Assigned task:
Copy out exactly the stretch of the listing below that begins at the line containing "SKANDINAVISK JUL Scented" and ends at the line containing "中国青年报都为他发声了所以?", and copy nothing outside it.

[Material for the task Boundary: Start]

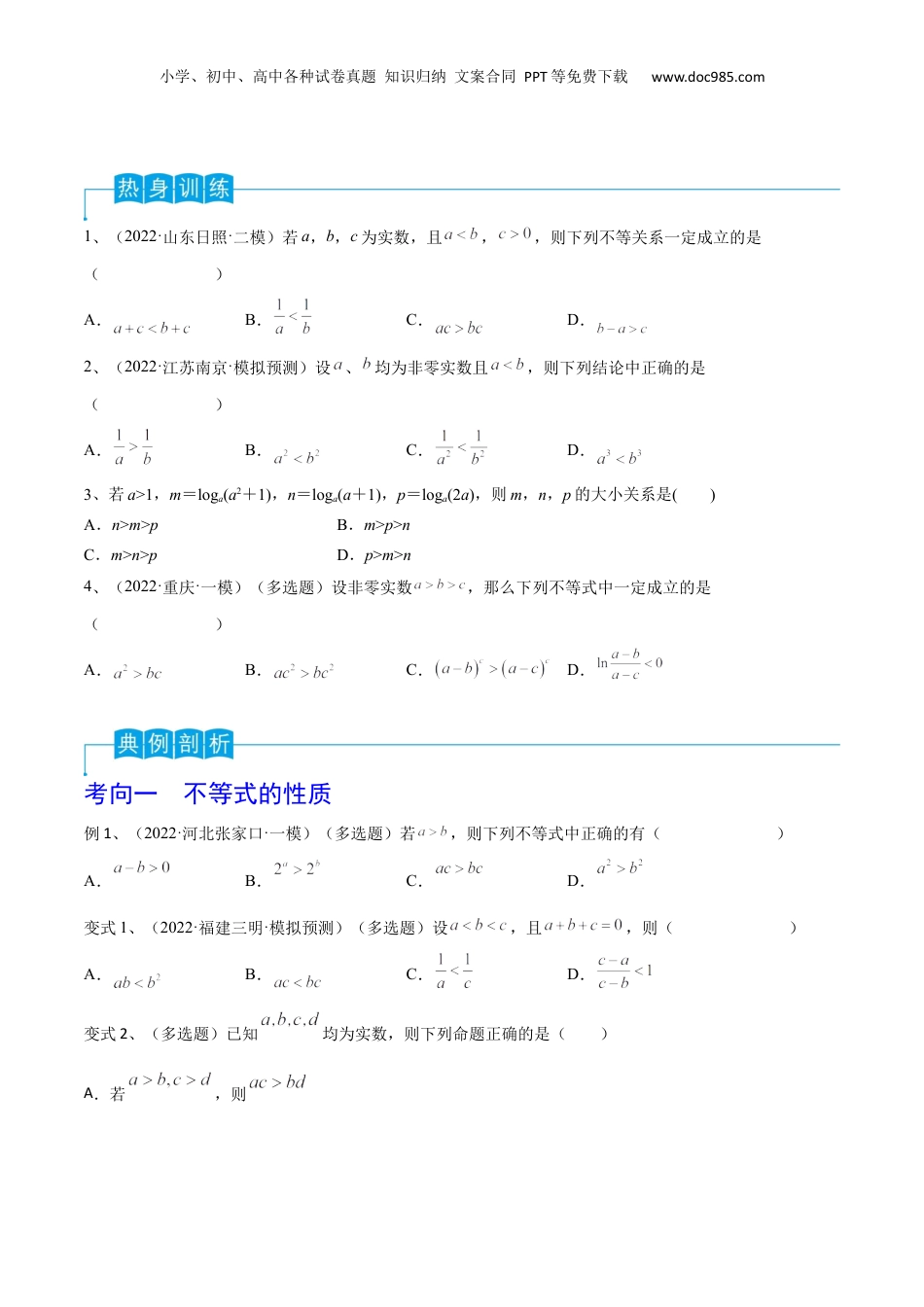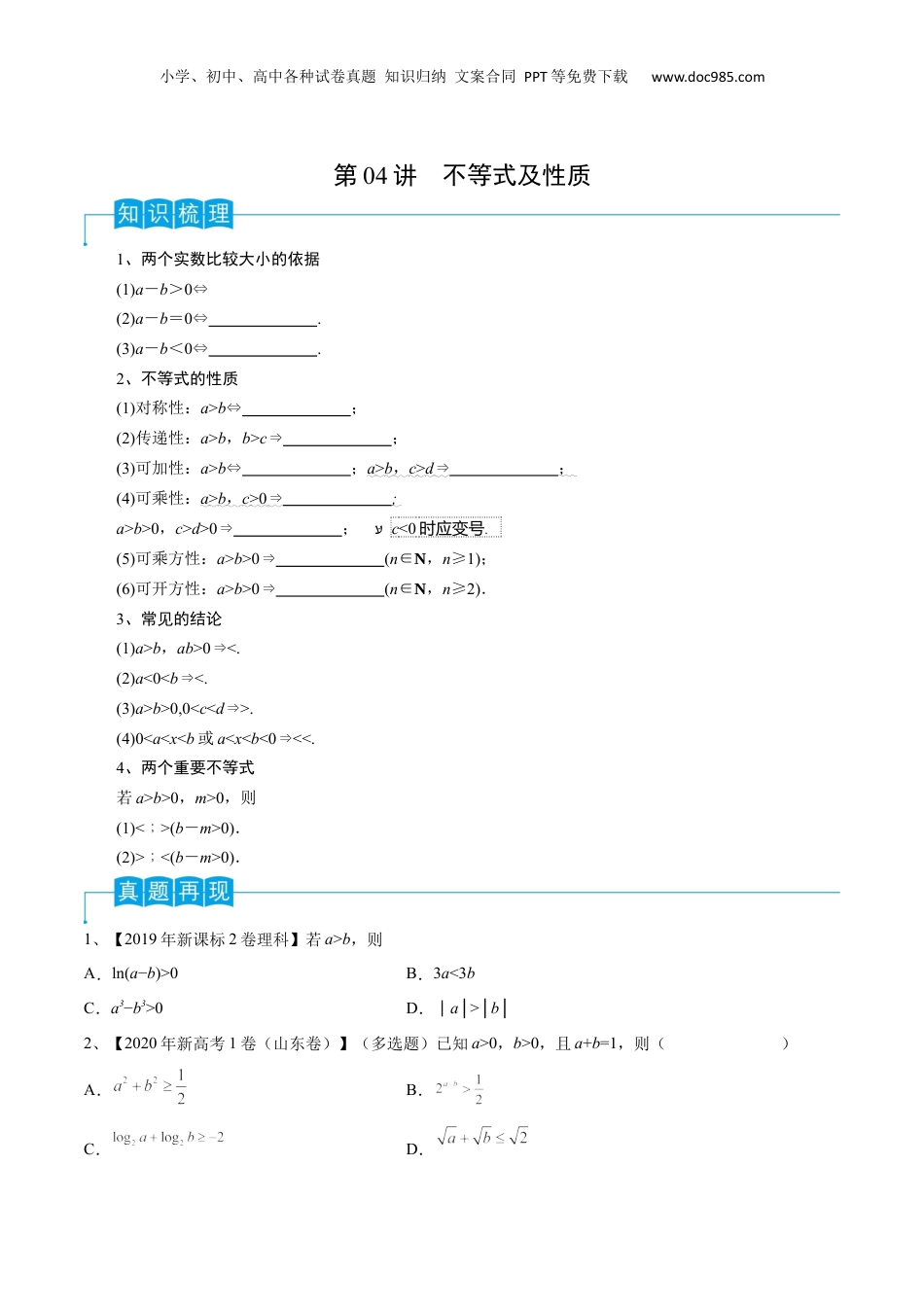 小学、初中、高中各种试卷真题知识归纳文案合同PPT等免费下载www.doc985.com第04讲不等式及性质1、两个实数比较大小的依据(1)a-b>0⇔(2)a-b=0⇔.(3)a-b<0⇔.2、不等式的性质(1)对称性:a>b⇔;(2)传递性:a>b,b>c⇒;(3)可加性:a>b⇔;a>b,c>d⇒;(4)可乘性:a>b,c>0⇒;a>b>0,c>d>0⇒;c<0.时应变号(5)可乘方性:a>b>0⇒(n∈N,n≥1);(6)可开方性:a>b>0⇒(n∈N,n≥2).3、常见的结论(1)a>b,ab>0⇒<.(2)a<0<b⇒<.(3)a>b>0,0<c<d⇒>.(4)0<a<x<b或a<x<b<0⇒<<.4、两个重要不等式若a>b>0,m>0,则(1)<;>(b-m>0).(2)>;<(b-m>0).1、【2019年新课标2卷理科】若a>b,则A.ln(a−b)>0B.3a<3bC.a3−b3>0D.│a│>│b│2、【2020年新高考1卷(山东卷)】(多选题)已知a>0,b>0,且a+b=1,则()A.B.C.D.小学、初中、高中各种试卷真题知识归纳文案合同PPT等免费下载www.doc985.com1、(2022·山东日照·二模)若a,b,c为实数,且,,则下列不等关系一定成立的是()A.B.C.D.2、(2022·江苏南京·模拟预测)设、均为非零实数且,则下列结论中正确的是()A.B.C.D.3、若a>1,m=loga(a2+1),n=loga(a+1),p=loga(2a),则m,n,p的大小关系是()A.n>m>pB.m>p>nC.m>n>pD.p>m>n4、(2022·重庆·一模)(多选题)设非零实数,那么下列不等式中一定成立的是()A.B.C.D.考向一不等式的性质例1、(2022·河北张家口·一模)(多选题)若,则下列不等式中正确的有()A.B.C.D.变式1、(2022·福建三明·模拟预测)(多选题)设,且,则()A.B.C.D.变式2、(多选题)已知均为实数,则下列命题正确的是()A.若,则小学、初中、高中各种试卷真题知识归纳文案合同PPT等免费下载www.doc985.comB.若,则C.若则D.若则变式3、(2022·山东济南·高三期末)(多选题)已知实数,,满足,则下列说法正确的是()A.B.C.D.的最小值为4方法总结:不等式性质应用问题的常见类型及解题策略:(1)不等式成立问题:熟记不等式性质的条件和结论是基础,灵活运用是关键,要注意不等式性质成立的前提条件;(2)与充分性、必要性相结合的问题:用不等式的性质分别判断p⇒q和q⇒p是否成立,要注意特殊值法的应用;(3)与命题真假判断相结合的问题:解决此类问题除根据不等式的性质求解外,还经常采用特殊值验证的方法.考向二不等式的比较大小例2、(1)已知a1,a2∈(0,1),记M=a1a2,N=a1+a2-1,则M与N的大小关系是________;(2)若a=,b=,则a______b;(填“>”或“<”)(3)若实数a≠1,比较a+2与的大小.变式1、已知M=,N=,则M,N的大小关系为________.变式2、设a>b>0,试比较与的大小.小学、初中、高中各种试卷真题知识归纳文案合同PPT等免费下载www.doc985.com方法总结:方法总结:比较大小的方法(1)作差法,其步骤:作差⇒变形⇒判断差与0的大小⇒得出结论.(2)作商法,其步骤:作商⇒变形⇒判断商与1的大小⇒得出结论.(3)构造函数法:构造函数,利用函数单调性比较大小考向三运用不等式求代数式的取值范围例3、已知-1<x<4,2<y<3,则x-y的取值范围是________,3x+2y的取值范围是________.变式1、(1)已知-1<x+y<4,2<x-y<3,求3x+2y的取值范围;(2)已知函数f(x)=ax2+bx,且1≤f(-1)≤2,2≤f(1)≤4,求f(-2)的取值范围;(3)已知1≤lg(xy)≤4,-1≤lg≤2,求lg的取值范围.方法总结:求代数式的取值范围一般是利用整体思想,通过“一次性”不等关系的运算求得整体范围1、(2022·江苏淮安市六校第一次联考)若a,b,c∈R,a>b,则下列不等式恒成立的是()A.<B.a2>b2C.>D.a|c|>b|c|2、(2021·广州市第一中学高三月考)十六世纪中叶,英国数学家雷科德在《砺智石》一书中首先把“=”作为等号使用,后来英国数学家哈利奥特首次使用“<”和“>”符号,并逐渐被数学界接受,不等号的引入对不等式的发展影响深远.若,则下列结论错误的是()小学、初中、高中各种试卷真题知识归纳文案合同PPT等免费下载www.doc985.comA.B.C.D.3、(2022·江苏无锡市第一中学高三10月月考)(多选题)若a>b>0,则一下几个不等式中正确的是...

[Material for the task Boundary: End]
[Material for the task Boundary: Start]

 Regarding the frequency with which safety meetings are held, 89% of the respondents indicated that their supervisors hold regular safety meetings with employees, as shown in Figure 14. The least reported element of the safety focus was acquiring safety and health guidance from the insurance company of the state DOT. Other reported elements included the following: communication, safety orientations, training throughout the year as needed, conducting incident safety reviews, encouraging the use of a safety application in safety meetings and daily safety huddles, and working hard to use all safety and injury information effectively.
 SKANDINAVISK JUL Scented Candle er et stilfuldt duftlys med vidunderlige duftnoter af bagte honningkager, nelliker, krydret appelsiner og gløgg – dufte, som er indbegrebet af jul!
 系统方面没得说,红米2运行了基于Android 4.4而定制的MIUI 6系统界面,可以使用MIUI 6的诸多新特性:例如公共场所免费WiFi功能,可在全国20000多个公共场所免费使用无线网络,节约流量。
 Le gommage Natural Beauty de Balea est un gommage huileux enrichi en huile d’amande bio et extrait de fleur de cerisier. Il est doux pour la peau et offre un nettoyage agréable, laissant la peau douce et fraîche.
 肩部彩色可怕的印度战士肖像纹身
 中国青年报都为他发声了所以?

[Material for the task Boundary: End]
[Material for the task Boundary: Start]

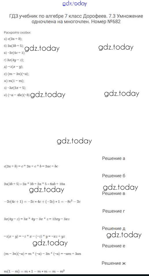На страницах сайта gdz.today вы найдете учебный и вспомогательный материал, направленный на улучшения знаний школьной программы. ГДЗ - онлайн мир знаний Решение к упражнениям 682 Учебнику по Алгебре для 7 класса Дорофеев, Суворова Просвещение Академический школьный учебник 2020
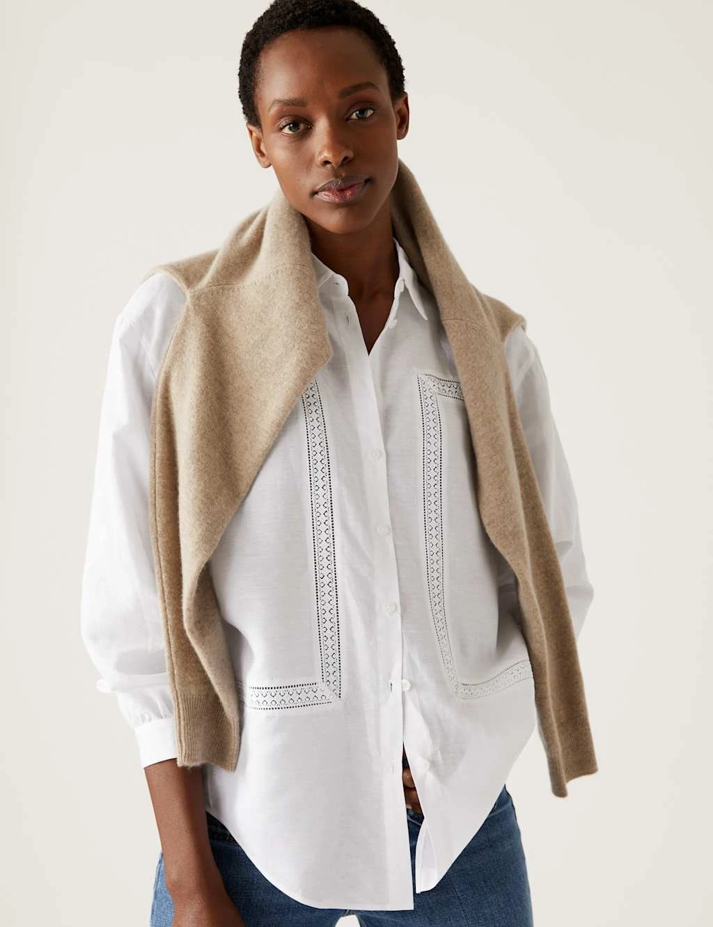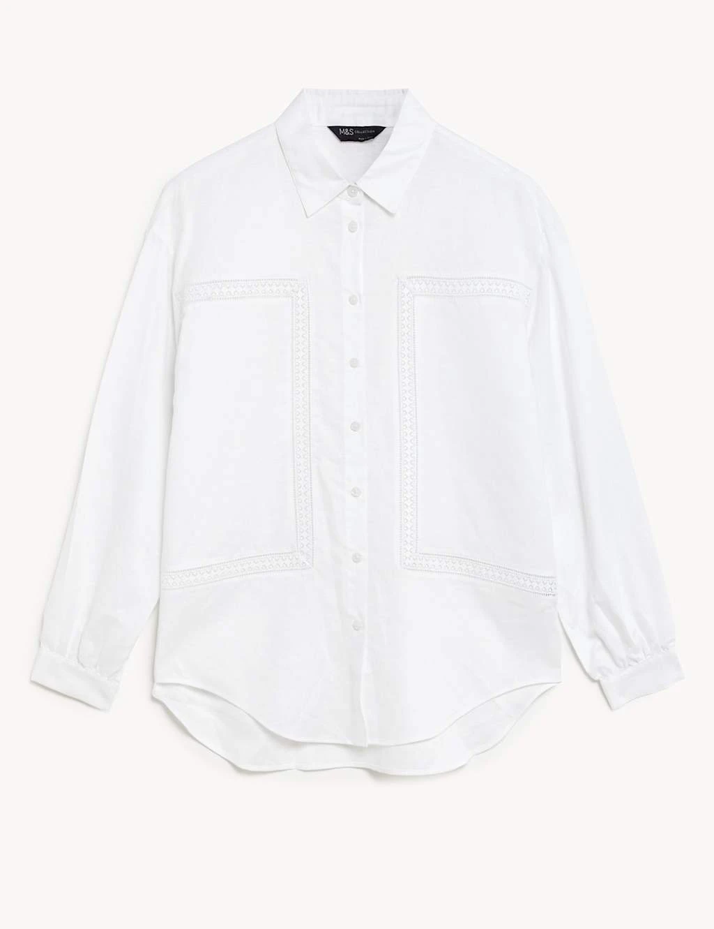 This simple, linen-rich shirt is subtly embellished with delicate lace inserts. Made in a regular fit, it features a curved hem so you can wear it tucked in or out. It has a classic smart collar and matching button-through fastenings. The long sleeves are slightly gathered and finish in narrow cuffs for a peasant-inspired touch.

[Material for the task Boundary: End]

Response to this task:
 SKANDINAVISK JUL Scented Candle er et stilfuldt duftlys med vidunderlige duftnoter af bagte honningkager, nelliker, krydret appelsiner og gløgg – dufte, som er indbegrebet af jul!
 系统方面没得说,红米2运行了基于Android 4.4而定制的MIUI 6系统界面,可以使用MIUI 6的诸多新特性:例如公共场所免费WiFi功能,可在全国20000多个公共场所免费使用无线网络,节约流量。
 Le gommage Natural Beauty de Balea est un gommage huileux enrichi en huile d’amande bio et extrait de fleur de cerisier. Il est doux pour la peau et offre un nettoyage agréable, laissant la peau douce et fraîche.
 肩部彩色可怕的印度战士肖像纹身
 中国青年报都为他发声了所以?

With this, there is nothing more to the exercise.